Labour peer Lord Bach worked under the auspices of thinktank the Fabian Society, and delivered final recommendations in September. Pointing out that legal aid spend last year was £950m less than in 2010, £400m lower than expected when LASPO was introduced, the commission urged reforms that would provide access to justice, while falling within the original proposed cut.
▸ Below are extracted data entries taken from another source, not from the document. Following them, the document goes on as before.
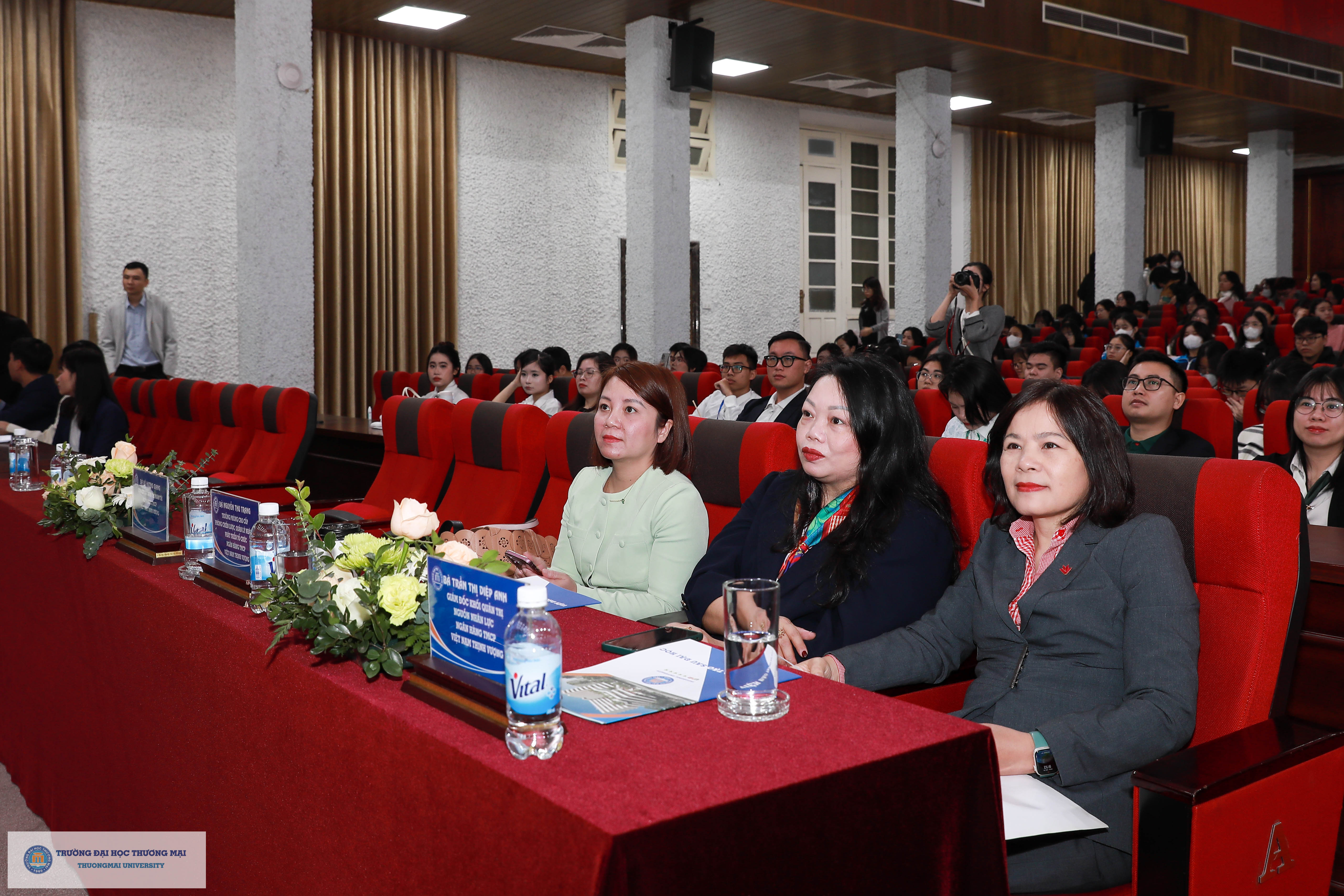 Về phía Trường Đại học Thương mại, tham dự chương trình có sự hiện diện của PGS,TS. Nguyễn Đức Nhuận – Phó Hiệu trưởng Nhà trường; PGS,TS. Phan Đình Quyết - Giám đốc Trung tâm Quan hệ doanh nghiệp và Việc làm; TS. Nguyễn Thu Quỳnh - Trưởng phòng Công tác sinh viên; PGS,TS. Mai Thanh Lan - Trưởng Phòng Tổ chức nhân sự; TS. Phan Thu Trang – Trưởng phòng Truyền thông và Tuyển sinh; ThS. Ngô Thị Quỳnh Chi - Phó Trưởng Phòng Quản lý đào tạo; TS. Lê Thị Trâm Anh - Phó Trưởng phòng Kế hoạch Tài chính; ThS. Nguyễn Quyết - Phó Chánh Văn phòng trường; TS. Nguyễn Mạnh Hùng – Phó Viện trưởng Viện đào tạo sau đại học; Các Thầy/Cô đại diện Lãnh đạo các Khoa, Viện tại Trường Đại học Thương mại.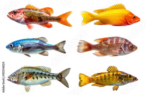 © Asad, Fototapeta premium Colorful Collection of Realistic Fish Species in Detailed Textures for Marine Designs, Transparent PNG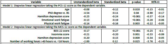 PCS-12 score was considered as dependent variable for the first stepwise linear regression. It showed that higher age (Beta= -0.08), having a PhD degree compared to a bachelor in science one (Beta=-4.54), higher depression score (Beta= -0.25), higher emotional work fatigue (Beta= -0.13) and higher physical work fatigue (Beta= -0.14) were significantly associated with lower physical QoL (lower PCS-12 scores) ( Table 5, Model 1).

The commission recommended a ‘Right to Justice Act’ which would create the right to ‘reasonable legal assistance, without costs individuals cannot afford’. Enforceable through the courts, the right would have a set of guiding principles, including ‘the importance of early legal help, public legal education, and the smooth operation of the system’.
It proposed that in bringing more people and areas back within the scope of legal aid, receipt of a means-tested benefit would qualify someone for legal aid. It also argued that an owner-occupied house should not count in assessing whether someone qualified for legal aid.
Notably, the commission wanted a ringfenced fund for advice providers. Another proposal was the creation of an online portal for advice and information on legal rights.
When Bach started work on the commission, such aspirations would have seemed positively utopian. Implementation is still unlikely – but when graphically linked to an event like Grenfell, which demands a response, access to justice is more difficult to ignore. At the very least, Bach’s ideas no longer seem politically impossible.
Marialuisa Taddia is a freelance journalist.